SportsCenter AM was a radio show on ESPN Radio hosted by ESPN Radio SportsCenter anchor Jay Reynolds. The show has been replaced by First and Last in July 2017. SportsCenter AM featured scores from all major sporting events including the NFL, NBA, NHL, and MLB. The show usually played audio highlights for last minute shots, game winning homers, and other exciting events from the previous day's sporting events. All the major games were discussed at least twice during the show in a score fashion outside of the SportsCenter breaks, and exciting matches were usually mentioned at least three times.

SportsCenter AM lasted one hour from 4:00 a.m. to 5:00 a.m. ET, re-airing at 5:00 am ET. The show led into Mike and Mike in the Morning. It ran much like the SportsCenter program on ESPN television.

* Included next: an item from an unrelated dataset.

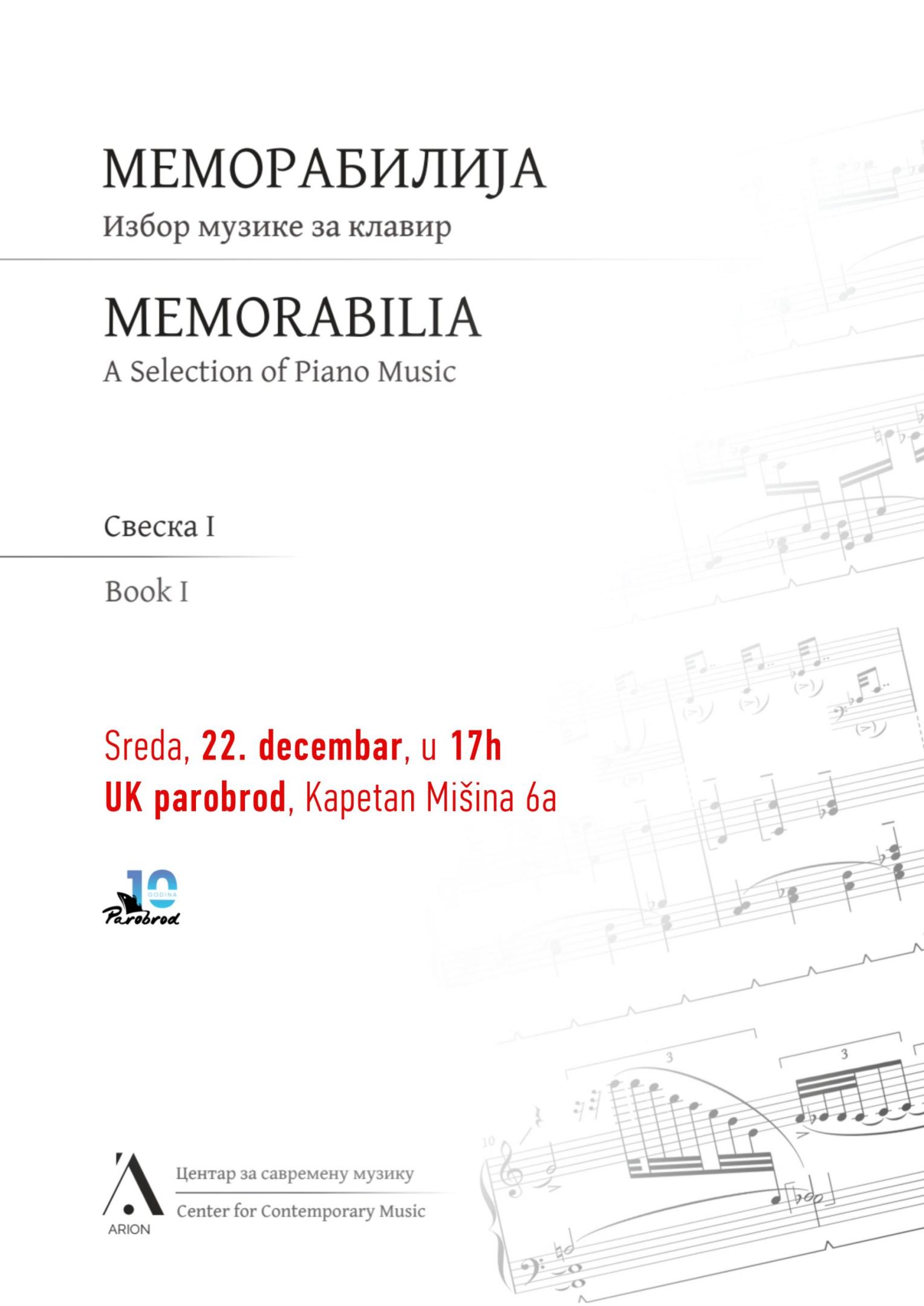 UK Parobrod i Arion – Centar za savremenu muziku predstavljaju koncertnu promociju prvog izdanja zbirke klavirske muzike u dve sveske pod nazivom Memorabilia I i II – Izbor muzike za klavir. U ovom izdanju nalaze se dela naših cenjenih kompozitora Vlastimira Trajkovića, Isidore Žebeljan, Ognjena Bogdanovića, Đura Živkovića, Stanka Simića, Marka Kovača, Dragana Latinčića i Milorada Marinkovića. Uz polučasovnu prezentaciju ovog izdanja posetioci će biti u mogućnosti da čuju i polučasovni koncert na kom će biti izvedena pojedina dela zastupljena u zbirci. Izvođači na klaviru su Stanko Simić, Marko Kovač i Vladimir Gligorić. U delu prezentacije izdanja u programu učestvuje i muzikolog Ivana Medić.

Reynolds recapped scores and plays audio highlights from a variety of sports. Interviews from earlier ESPN Radio shows in the previous day discussing what might happen in the game and postgame interviews shown on SportsCenter were also played. No live interviews or call-ins took place during the hour. Differences existed within the SportsCenter updates during the show. Instead of having an update every 20 minutes, Bob Picozzi only did one SportsCenter update at 4:30 a.m. A SportsCenter Express, hosted by Doug Brown, took place where the normal SportsCenter breaks would be, at 4:20 and 4:40 a.m.